His life had been saturated with and overwhelmed by ever-present guilt for the deaths of people he hadn’t killed, people he had loved, whom he would have done anything to save. Now, in regard to the two men, or boys, that he was fairly sure he had actually killed, he felt no guilt at all. The very fact of feeling no remorse made him feel remorse sufficient to set him in an argument with himself even as he desperately tried to strategize a way clear of capture.
Was what he had done a crime? Was it murder? There were three of them – and at least one was armed with a deadly weapon. Might he have been more measured? He was not a boxer or a street fighter but a seventy-four-year-old musician. Had he tried to moderate his response, they probably would have killed him, or at least they might have pushed him aside and killed the Hasidic Jew. Should he have abstained, as required of a good citizen, leaving the monopoly of violence to the state but allowing the murder of an innocent man? Years before, a woman had been raped and murdered in the park at Saint-Germain-en-Laye. And not that long after, another woman, both with extreme brutality. The neighborhood was literally terrified. And the response of the good citizens had been to hand out orange plastic whistles.
At the neighborhood meeting, imagining a bunch of frightened, impotent people watching a crime unfold as they provided the musical accompaniment with their whistles, Jules had asked why they didn’t hand out revolvers instead. A hundred people summoning another hundred more would be of absolutely no avail if not a single one was willing actually to intervene. He stated this, perhaps somewhat un-diplomatically, by referring to “sheep whistles not for calling sheep but to be blown by them.” He was ostracized forever by everyone present, an indignant crowd bravely determined to be militantly helpless. His last words before he left were, “One must have the courage to save a life.” They thought he was crazy, and now he thought that perhaps they had been right. He was so shaken, unsure, and fearful that it grayed his vision, and things would fade in and out as he tried to think of what to do.

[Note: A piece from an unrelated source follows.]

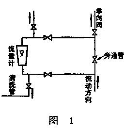 6 安装在管路上的流量计需要进行清洗时,可装上清洗管路,推荐的清洗流量计的管路如图1所示.
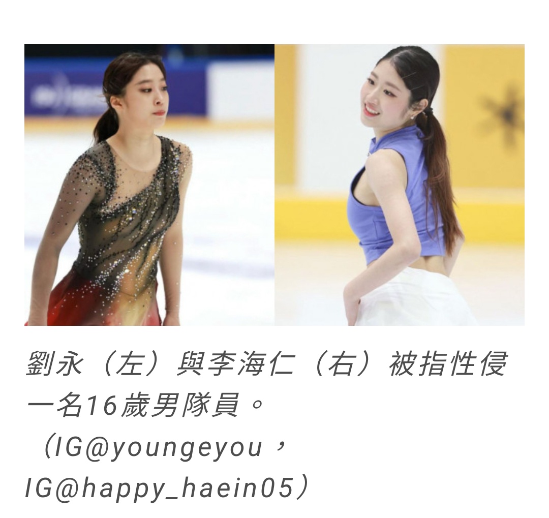 韓國花滑隊醜聞曝光!知名女選手性侵男隊友被禁賽 新浪新聞 2024年06月23日 12:36   來源:橙柿互動   今天上午,#韓國花滑醜聞#沖上熱搜榜。   據多家韓媒報導,韓國花滑隊上個月在海外集訓期間,有兩名選手多次酒店內飲酒, 還被發現性侵害他人。韓國滑冰協會發佈聲明表示,已對此事進行調查,對涉事選手處罰 禁賽。   首先是兩名花滑女運動員A和B集訓期間酗酒,韓國冰協對此進行了調查,發現還有其 他不當行為。據稱,女選手A邀請了男選手C到她們的住處,並做出了讓C感到不適的性行 為,另一名女選手B則在未得到A同意的情況下拍攝了這一過程,並發給了C。   韓國冰協針對此事召開了會議,目前得出的處罰結果是,C進入女運動員宿舍違反管 理規定被批評教育,A處罰禁賽3年,B處罰禁賽1年,主管教練D因疏於管理被停職三個月 。A的經紀公司回應此事時表示,暫時無法聯繫到球員,無法發表官方聲明。   韓媒透露,韓國冰協方面認為兩名女選手的行為非常嚴重,並決定將其上報體育道德 中心。這兩名選手在收到正式處罰前可以提出上訴,如果在重審中她們的行為被證實,那 麼所接受的處罰將對她們的職業生涯產生很嚴重的影響。目前得到的消息是,B要求重審 ,A尚未決定。   另據韓網爆料稱,A選手是2023年花滑世錦賽女單銀牌得主李海仁(19歲),B是2019 年花滑四大洲錦標賽女單銀牌得主劉永(20歲),C是2024年花滑青年世錦賽男單金牌得 主徐玟圭(16歲)。若處罰最終得到確認,這將意味著禁賽3年的李海仁將無緣2026米蘭 冬奧會。 https://s.yam.com/EXzkz -- ※ 發信站: 批踢踢實業坊(ptt-club.com.tw), 來自: 180.176.190.76 (臺灣) ※ 文章網址: https://ptt-club.com.tw/sex/M.1719150707.A.FCF

“Steady yourself,” he said out loud, “hold through.” It began to work. He would be all right even if someone came in, and no one did, giving him time to think. In the quiet fog of early morning everything was muted in gray, and the vigorously flowing river, powerful and unperturbed, was a model for his thought.
For whom would they be searching? The three witnesses would undoubtedly think he was taller and heavier than he was. Just as children imagine monsters, and seafarers once returned with exaggerated tales of gargantuan creatures, the witnesses would most likely endow Jules with strength and size appropriate to their fear of him. That he could outrun young police officers suggested that they would estimate his age to be lower than it was, given also that he had been able to take on three young men and quickly kill two of them. The heavy rain that night had soaked his hair, turning it dark and plastering it down. And he had been wearing a distinctive saffron/marigold-colored rain jacket over his blazer. He had bought this in Switzerland many years before. Its color was unforgettable. The company that made it was Japanese, and the Japanese vision of the spectrum was somehow different from the European. He had seldom worn it, but that day he had pulled it from his closet in response to the weather forecast.
The first action he took, therefore, was to wrap the jacket around one of the small cinder blocks used at the boathouse to prop open the doors on windy days, and tie it up with nylon boat twine, which would take years to rot. He then dressed, seized a broom, and went out to sweep the dock. At the edge, he inconspicuously dropped the weighted jacket into the water, which he knew to be about twenty meters deep beyond the dock, with a strong, scouring current. He carried the broom and swept in case there were distant traffic cameras across the river.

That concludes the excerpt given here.